Paraplegia Pós-Trauma: Identificação da Lesão Medular

UNCISAL - Universidade Estadual de Ciências da Saúde de Alagoas — Prova 2020

Enunciado

Paciente de 25 anos sofreu acidente automobilístico, colisão carro x carro frontal. Ficou preso nas ferragens e os bombeiros já haviam efetuado a extricação do paciente. Ao chegar ao local a equipe do SAMU encontrou o paciente com sangramento em toda a face, abertura ocular espontânea, respondendo de forma desconexa às solicitações verbais, sem movimentar os membros inferiores e localizava a dor. Ventilação bilateral, pulso cheio e enchimento capilar < que 2”. Responda as questões de acordo com o caso acima: Paciente apresentava paraplegia no local, qual segmento da coluna vertebral mais provavelmente foi lesionado?

Alternativas

  1. A) Segmento cervical (C1- C4)
  2. B) Segmento cervical (C5 – C7)
  3. C) Segmento torácico (T6 – T10)
  4. D) Segmento lombar (L3 – L5)
  5. E) Nenhum segmento afetado

Pérola Clínica

Paraplegia em trauma → suspeitar lesão medular torácica (T1-T12) ou lombar alta.

Resumo-Chave

A paraplegia indica lesão medular abaixo do nível cervical, afetando os membros inferiores. Lesões na coluna torácica (T1-T12) são as mais comuns a causar paraplegia, enquanto lesões cervicais resultam em tetraplegia. A avaliação inicial deve focar na estabilização e imobilização da coluna.

Contexto Educacional

A lesão medular traumática é uma condição devastadora que pode resultar em déficits neurológicos permanentes. A identificação precoce e o manejo adequado são cruciais para minimizar o dano. A epidemiologia mostra que acidentes automobilísticos são uma das principais causas de trauma raquimedular, especialmente em jovens. A fisiopatologia envolve o dano direto à medula espinhal, seguido por uma cascata de eventos secundários que podem exacerbar a lesão. O diagnóstico é clínico, baseado na avaliação neurológica (motora e sensitiva), e confirmado por exames de imagem como tomografia computadorizada e ressonância magnética. A suspeita deve ser alta em qualquer paciente com trauma de alta energia e déficits neurológicos. O tratamento inicial foca na estabilização da via aérea, respiração e circulação (ABC do trauma), imobilização da coluna e prevenção de lesões secundárias. O prognóstico depende da extensão e nível da lesão, sendo essencial o acompanhamento multidisciplinar para reabilitação.

Perguntas Frequentes

Quais são os sinais de alerta de uma lesão medular em um paciente traumatizado?

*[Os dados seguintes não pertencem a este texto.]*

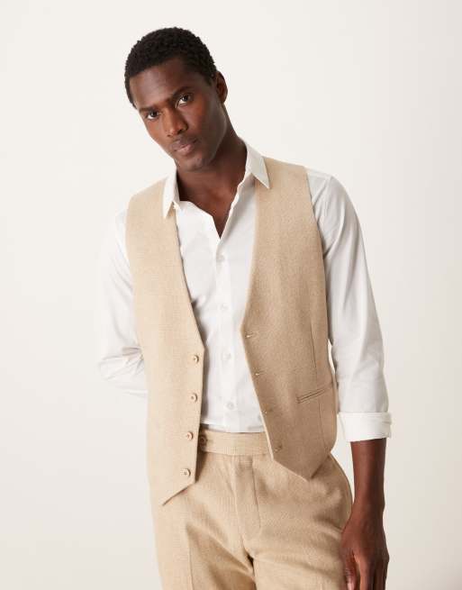 ASOS DESIGN - Veston de costume ajusté en laine à mini motif pied-de-poule - Beige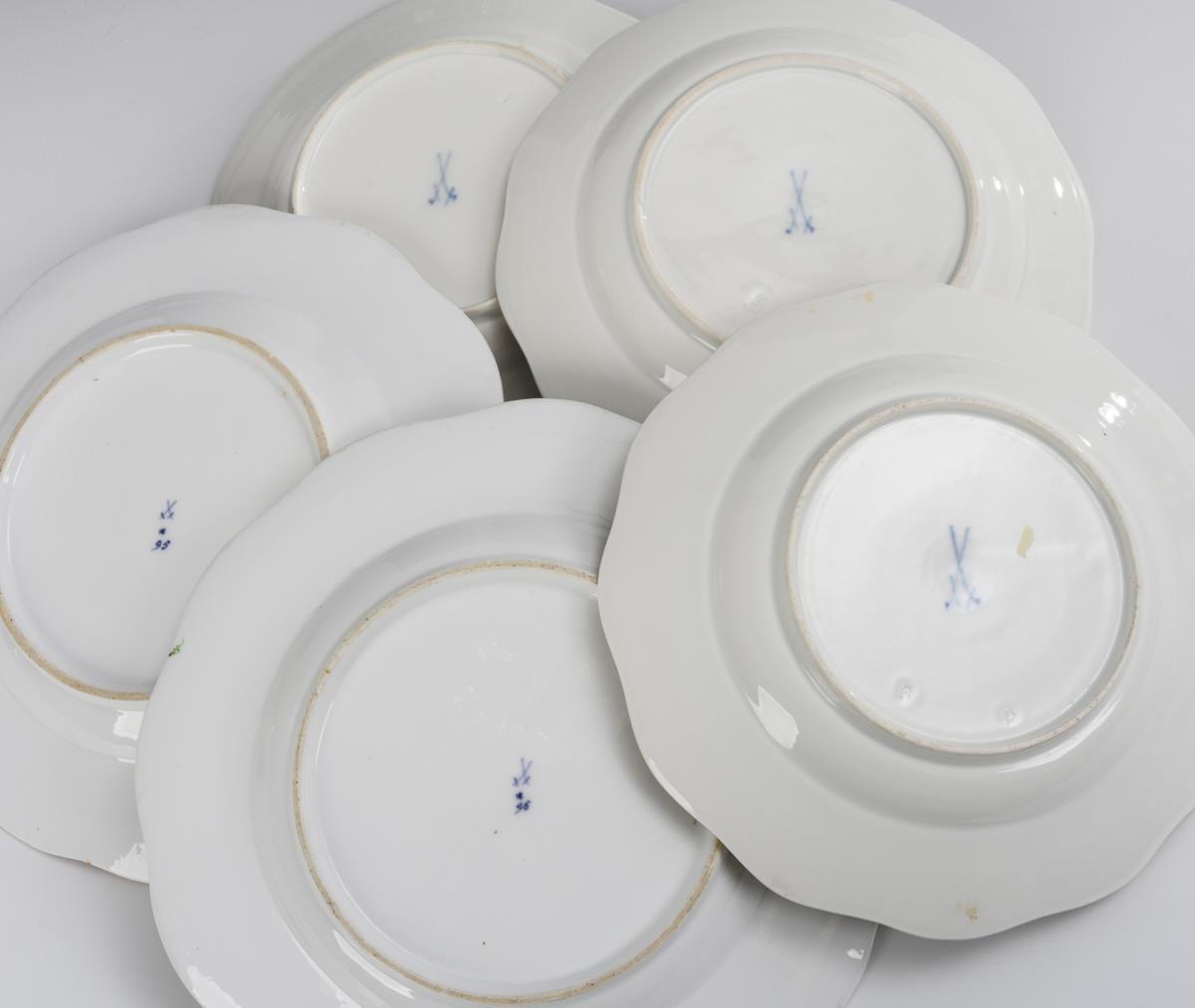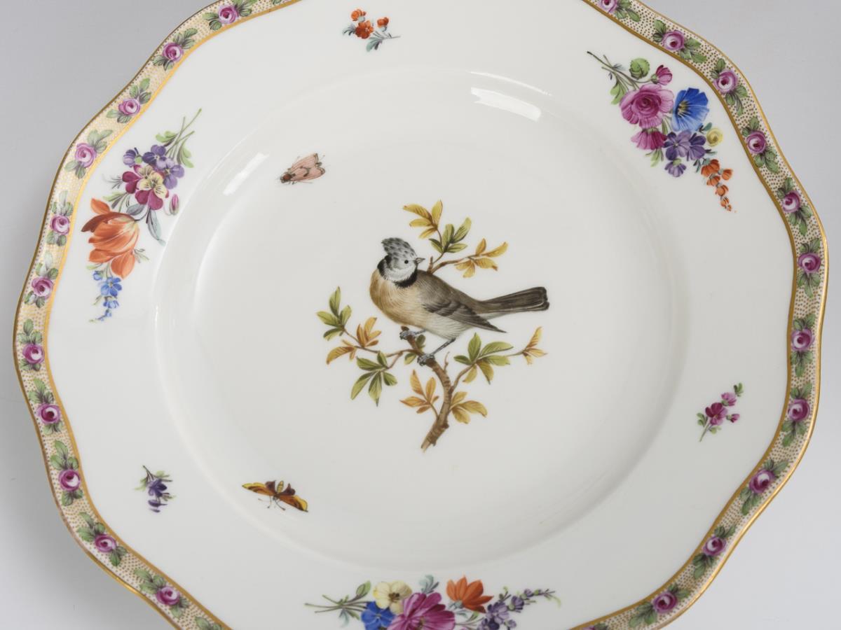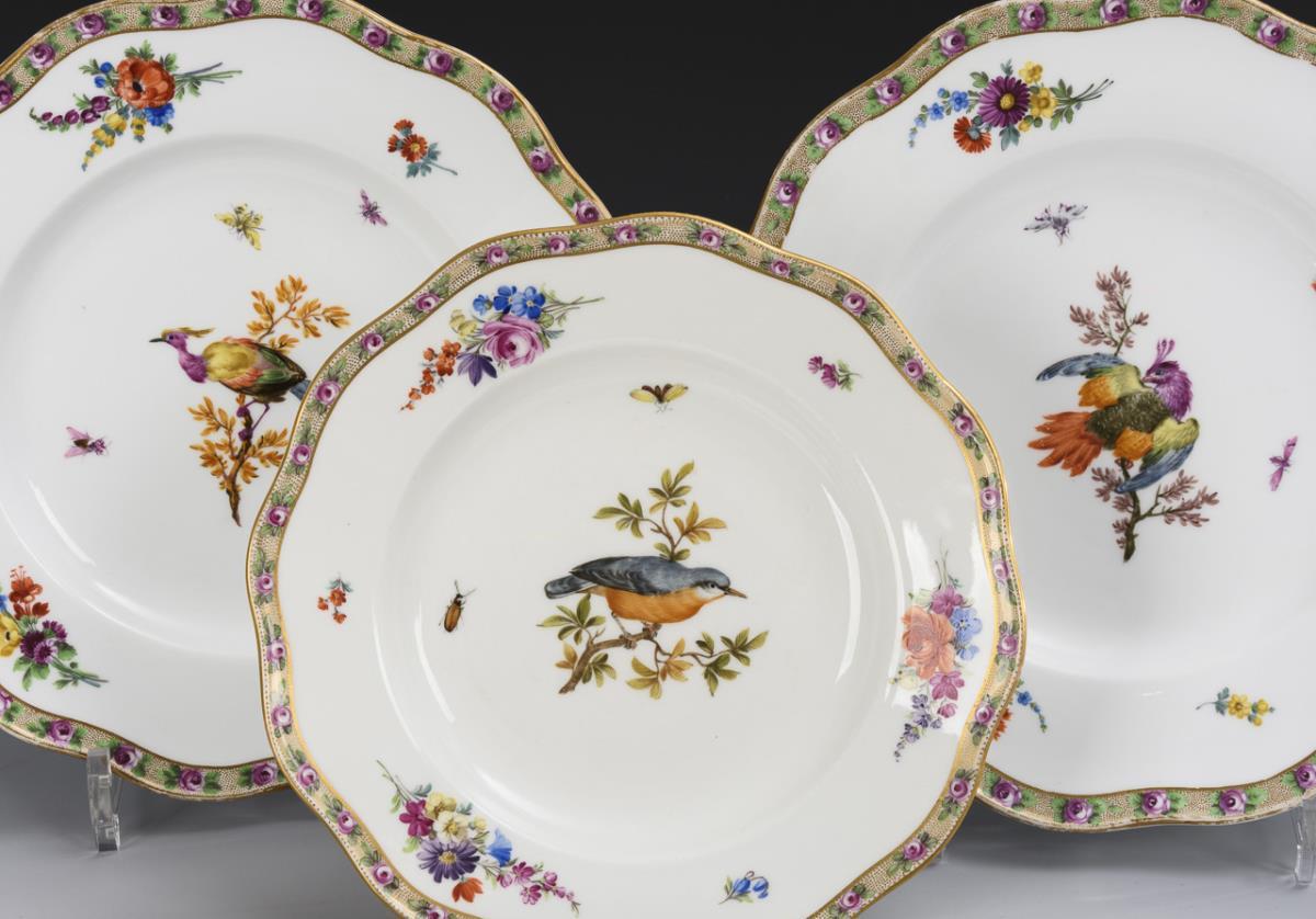 2+3 Teller mit Blumen- und Vogelmalerei. Meissen.

Sinais incluem déficits motores ou sensitivos, dor na coluna, priapismo, choque neurogênico e incontinência. A avaliação neurológica completa é fundamental.

Como a Escala de Coma de Glasgow (ECG) se aplica na avaliação de trauma raquimedular?

A ECG avalia o nível de consciência, mas não diretamente a lesão medular. É importante para avaliar o trauma cranioencefálico associado e o prognóstico geral do paciente.

Qual a importância da imobilização da coluna em pacientes com suspeita de lesão medular?

A imobilização é crucial para prevenir lesões secundárias e o agravamento do dano neurológico durante o transporte e o manejo inicial do paciente, minimizando movimentos indesejados.